Many of us hear the term “AI agent” thrown around. Some hail it as the future, while others fear it, predicting it will replace jobs. In this series, we will demystify AI agents by exploring them through a very popular framework: LangGraph.
This article will trace the journey from the earliest forms of automation to the incredible AI agents we see today—agents capable of handling highly complex tasks. We will also clarify the distinctions between LLMs, agents, and workflows, and discuss the critical question of when to use an AI agent and, just as importantly, when not to. Finally, we’ll survey the most popular frameworks available for building your own AI agent solutions.

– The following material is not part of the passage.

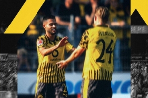 多特在本場比賽占據(jù)66%控球率優(yōu)勢,射門20-8、射正13-6、角球4-1均處于領(lǐng)先。本卡拉、揚(yáng)-庫托、薩比策、阿德耶米在前28分鐘連進(jìn)4球,布蘭特在第36和37分鐘雙響,主隊(duì)由Josue Santo在第44分扳回一城。易邊再戰(zhàn),拜爾和埃茲希勒各入一球?qū)⒈确侄ǜ駷?-1。

The Dawn of Automation: Rule-Based Systems
Before we dive into the world of AI agents, let’s look at how this story began. Initially, when we wanted to automate a task, we relied on rule-based state machines. A classic example is the early Telegram bots. If you recall, these bots didn’t truly understand you. Instead, they presented a list of predefined options, and you would choose from that list. The system was a straightforward combination of simple tools and algorithms following a fixed path.
The Second Wave: The Rise of Large Language Models (LLMs)

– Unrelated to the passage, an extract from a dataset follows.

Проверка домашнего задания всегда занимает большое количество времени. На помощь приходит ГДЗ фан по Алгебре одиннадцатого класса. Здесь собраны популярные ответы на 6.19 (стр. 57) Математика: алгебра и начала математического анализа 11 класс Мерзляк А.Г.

The landscape changed dramatically with the advent of Large Language Models (LLMs). This phase took off after Google published its groundbreaking paper, “Attention Is All You Need,” in 2017. Companies like OpenAI invested heavily in this technology, creating powerful models starting with GPT-2 and GPT-3.
These models proved to be exceptionally powerful. The great advantage of LLMs is their profound ability to understand language. They are, at their core, robust language models. However, they came with significant limitations:
- No Memory: An LLM wouldn’t remember who you are or recall past conversations.
- No Action Capability: Its function was limited to generating text. It couldn’t perform actions.
These limitations paved the way for the third and current phase: the AI agent.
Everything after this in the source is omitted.